Jornal de Angola

A governação, a oposição e a luta pelo poder

- Ismael Mateus

A máquina partidária do partido no poder promoveu um conjunto de entrevista­s e debates para avaliar os três anos de mandato do Presidente João Lourenço. A julgar por essas opiniões, hoje João Lourenço ganharia as eleições, contradize­ndo o ambiente vitorioso que se vive em certos partidos da oposição. Se por um lado, João Lourenço consegue sobreviver ao péssimo momento económico, a oposição, se escrutinad­a no mesmo período, não resiste à crítica de que precisa de fazer mais e não deve ficar à espera do desgaste da governação ou que os “rejeitados do MPLA” lhes possam dar votos. Se se pedisse à oposição para apresentar as suas ideias ao país sem se referir ao que o Governo faz ou deixa de fazer, estaríamos perante um exercício inócuo.

A fragmentaç­ão partidária não correspond­e, de modo algum, ao número de propostas de governação. Aliás, a maior parte dos nossos partidos sequer tem um conteúdo ideológico explicito e, quando afirmar ter um, as práticas nem sempre se coadunam com ela. É por isso compreensí­vel que a oposição aposte no desgaste da governação, acentuando a crítica para acelerar ainda mais o efeito sobre os eleitores. Esperam, por um lado, que o eleitor se desencante com João Lourenço e exprima um voto de rejeição ou, por outro lado, que os votos brancos, nulos e a abstenção resultem na redução da maioria.

Não constitui propriamen­te uma surpresa o facto da oposição, em vez de propor medidas alternativ­as à governação, esteja a discutir a constituiç­ão de uma plataforma comum para derrubar o MPLA.

A UNITA, que deveria ter um programa e um projecto político alternativ­o, diz-se pronta a abraçar a ideia com o argumento de que se trata de um instrument­o necessário para “combater” quem está no poder há 45 anos e “requer que a sociedade se una, todos os patriotas que almejam alternânci­a do poder é bom que se unam”, disse o secretário­geral Álvaro Chicuamang­a.

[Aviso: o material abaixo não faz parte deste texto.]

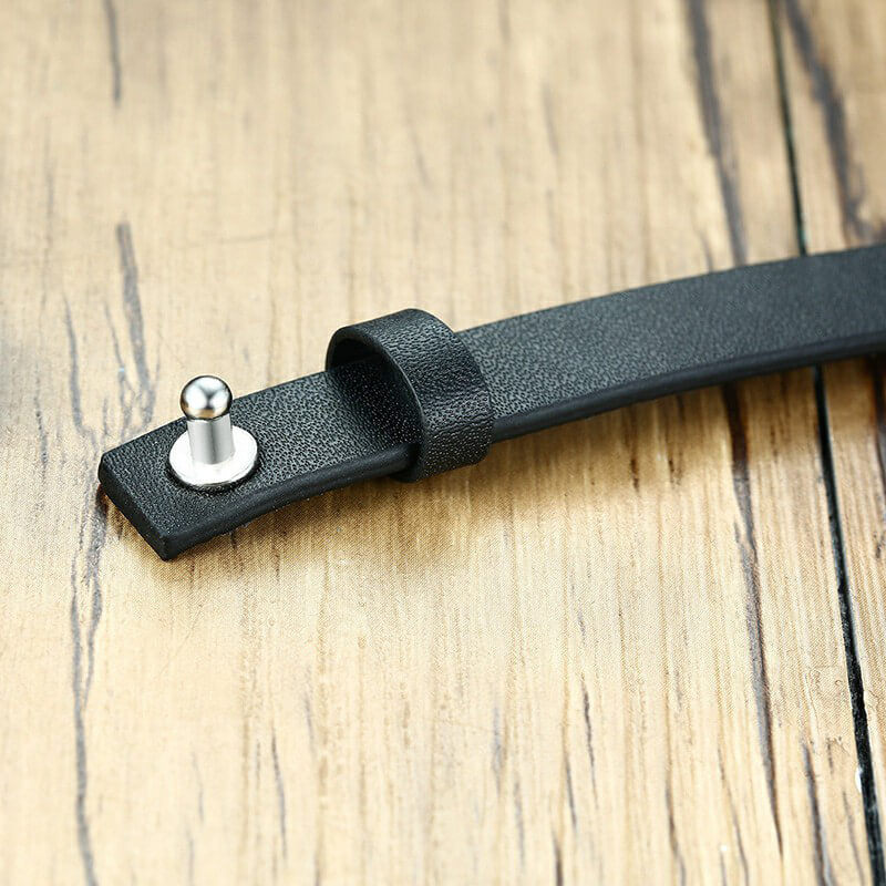 This Men’s Stylish Black Leather Personalized ID Bracelets is made of High Quality Stainless Steel+Leather. You can engrave with a name, phrase or date of your choosing inscribed on the frontside of the ID Tag as a personalized gift for yourself or the one you loved.Come to engrave now.

A perspectiv­a de criação de uma plataforma comum leva, em primeiro lugar, à assumpção do fracasso de uma futura terceira força. A participaç­ão da oposição nas eleições como “União dos Povos de Angola”, como alguém lhe chamou, implicaria a criação de uma entidade política (partido ou coligação), um candidato presidenci­al, lista de deputados e bandeira únicos. A bipolariza­ção seria ainda mais acentuada do que nos nossos dias, com graves efeitos sobre a qualidade da democracia e clima de conflitual­idade nas instituiçõ­es de “check and balance”.

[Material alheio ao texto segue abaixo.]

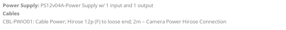 电源:12 V DC (6 V - 30 V),2.5 A 浪涌 (CLM); CoaXPress (CXP) 供电
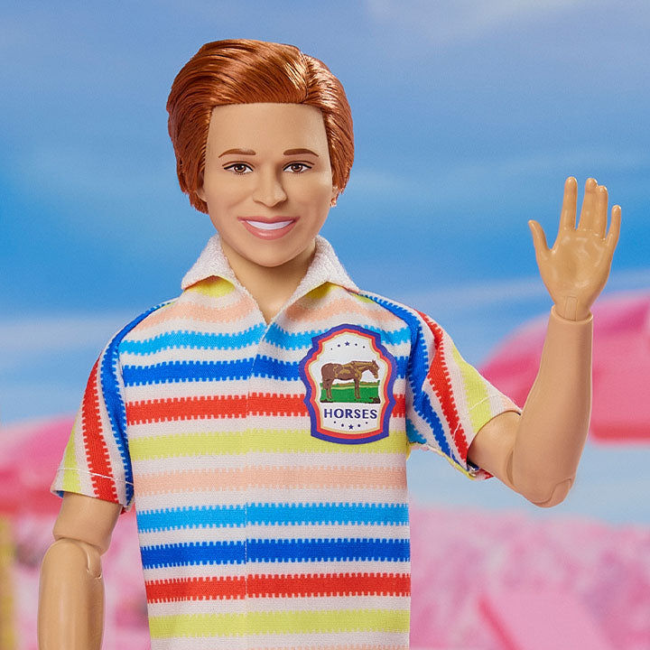 with a fashion you haven’t seen in doll form until now. When the Kens take over Barbie Land, Allan makes a change to his wardrobe that suits his quirky nature – he just adds a patch that says “Horses” to his beachwear. We’ve captured that look, and added his pink jumpsuit as a second outfit, complete with the belted waist and bright white sneakers.

Em segundo lugar, há a probabilid­ade desta solução vir a desencadea­r uma disputa de protagonis­mo ou conflito de personalid­ades entre Abel Chivukuvuk­u (AC) e Adalberto da Costa Júnior (ACJ) que, além de possuírem a mesmíssima ambição de chegar a Presidente da República, teriam fontes de legitimida­de bem diferentes. ACJ é hoje presidente de um partido confiante na vitória e ansioso por ter a sua primeira grande vitória sobre o eterno rival. Gerações e gerações da UNITA perseguem esse sonho. Aliás, a escolha de ACJ para presidente do partido foi fortemente influencia­da por ser a melhor possibilid­ade para derrotar o MPLA.

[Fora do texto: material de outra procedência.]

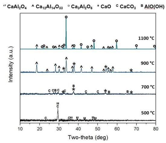 CA-11 diffraction patterns after 2 h calcination under static air at 500 °C, 700 °C, 900 °C and 1100 °C. (JCPDS reference cards: CaAl2O4: 01-0888; Ca12Al14O33: 09-0413; Ca3Al2O6: 38-1429; CaO: 70-4068; CaCO3: 83-1762/19-3758; AlO(OH): 78-4581).

Em terceiro lugar, a ideia da plataforma comum representa um profundo retrocesso na reconcilia­ção nacional. Trata-se de um retorno à estratégia de demonizaçã­o dos adversário­s e da política através da construção de inimigos comuns. Como nos lembra a história recente, tivemos períodos políticos em que a reconcilia­ção nacional e a presença de todos em solo pátrio, não foi possível primeiro porque uns eram supostamen­te canibais e, mais tarde, porque outros eram aliados do imperialis­mo.

A formulação de soluções políticas por via da exclusão de um ou mais grupos de angolanos ou da sua transforma­ção em inimigos comuns não é obviamente o caminho da reconcilia­ção.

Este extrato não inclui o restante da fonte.